O governador da província de Nariño, na Colômbia, Camilo Romero Galeano (Divulgação/Fernando Guacas)

“Abrimos a administração, mostrando como ela funciona e o que faz”, diz o governador, em entrevista ao Believe.Earth. “Ouvimos aqueles que conhecem a realidade de nossa região e sabem o que precisam e o que podem fazer por suas comunidades.”

Toda semana, Camilo divulga os avanços do plano de governo e vai às ruas dialogar com a população. Para aprofundar a participação, foram criados mecanismos como o Centro de Inovação Social de Nariño, um laboratório em que os cidadãos ajudam a encontrar soluções para os desafios desse estado que convive com o conflito armado e o narcotráfico e possui um dos piores índices de desenvolvimento do país.

“Até agora, mais de 50 mil pessoas participaram e votaram para escolher os projetos mais benéficos para suas comunidades e decidiram os destinos de investimentos públicos que somam cerca de 50 bilhões de pesos”, resume o governador.

CRIATIVIDADE E EMPATIA PARA GOVERNAR
A criação de laboratórios de inovação é uma tendência captada pela pesquisa em vários países da América Latina. No Chile, o Laboratorio de Gobierno, criado em 2014, além de impulsionar a inovação nos serviços públicos, funciona como uma incubadora de novos negócios que gerem soluções sustentáveis para os desafios do governo.

O perfil de um homem jovem, branco, de cabelos curtos escuros, olhos escuros e barba. Ele veste uma camisa listrada clara, azul e branca. Ele tem um semblante tranquilo. A imagem enquadra a cabeça e o pescoço do homem. O fundo claro está desfocado.

Roman Yosif, co-fundador e diretor executivo do Laboratório de Governo do Chile desde abril de 2018 (Divugação/Roman Yosif)

“A lógica é ter o usuário no centro do desenvolvimento de qualquer ferramenta ou serviço que o estado está entregando às pessoas”, explica Roman Yosif, co-fundador e diretor executivo do Laboratório de Governo do Chile. “É uma nova maneira de fazer o desenho e a gestão de políticas públicas, na qual o estado interage com as pessoas dentro de uma lógica de colaboração.”

Até o momento, foram incubadas 114 soluções, envolvendo 375 instituições de fora do estado e 424 instituições da Red de Innovadores Publicos do Chile, que aglutina funcionários públicos de todo o país – 29 delas estão em piloto e nove já foram implementadas.

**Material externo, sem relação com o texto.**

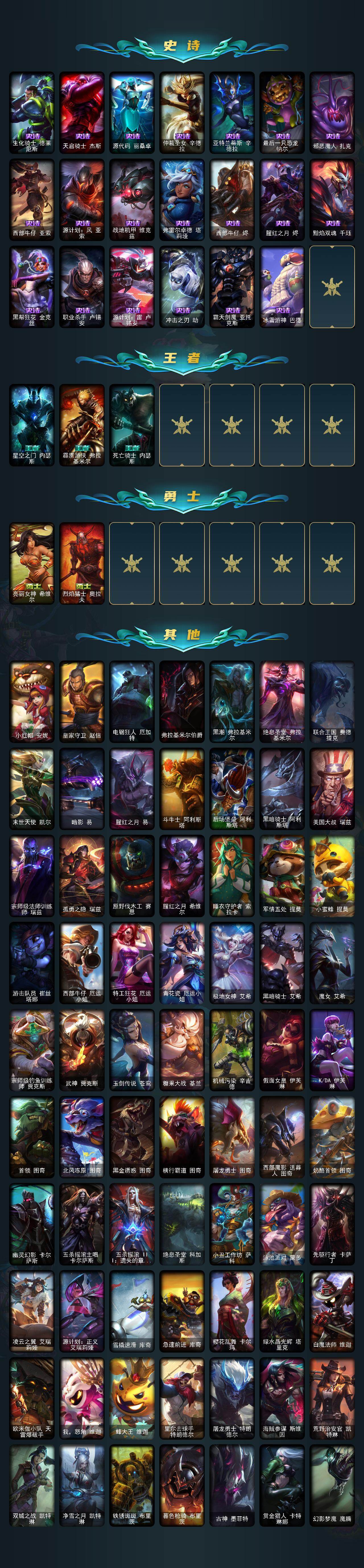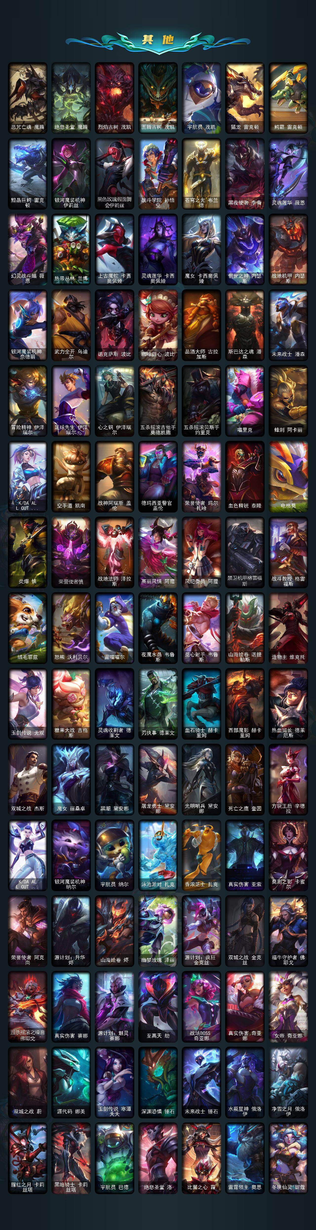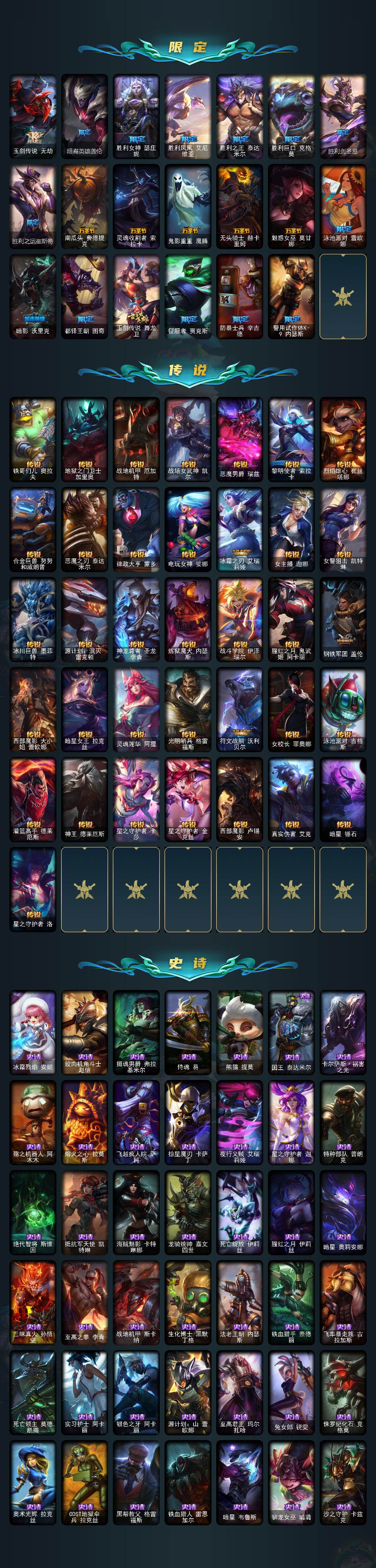 【冰雪限定】:圣诞开心鬼提莫,冰封王子蒙多,邪恶圣诞老人维迦,圣诞驯鹿克格莫,魄罗骑士瑟庄妮,冰雪节辛吉德,北极星神黛安娜

Uma delas permitiu que mais de 5 milhões de pessoas com diabetes possam fazer o exame de prevenção de retinopatia diabética sem a presença de um oftalmologista. “Usando inteligência artificial, democratizamos o acesso ao exame preventivo, que era dificultado pela exigência da presença física do especialista”, diz Roman.

São várias as ações em diferentes países. Em todas as frentes – dos gabinetes políticos às associações nas periferias–, há gente disposta a mostrar que inovação política não é discurso, mas, sim, uma realidade que surge quando a gente atua coletivamente.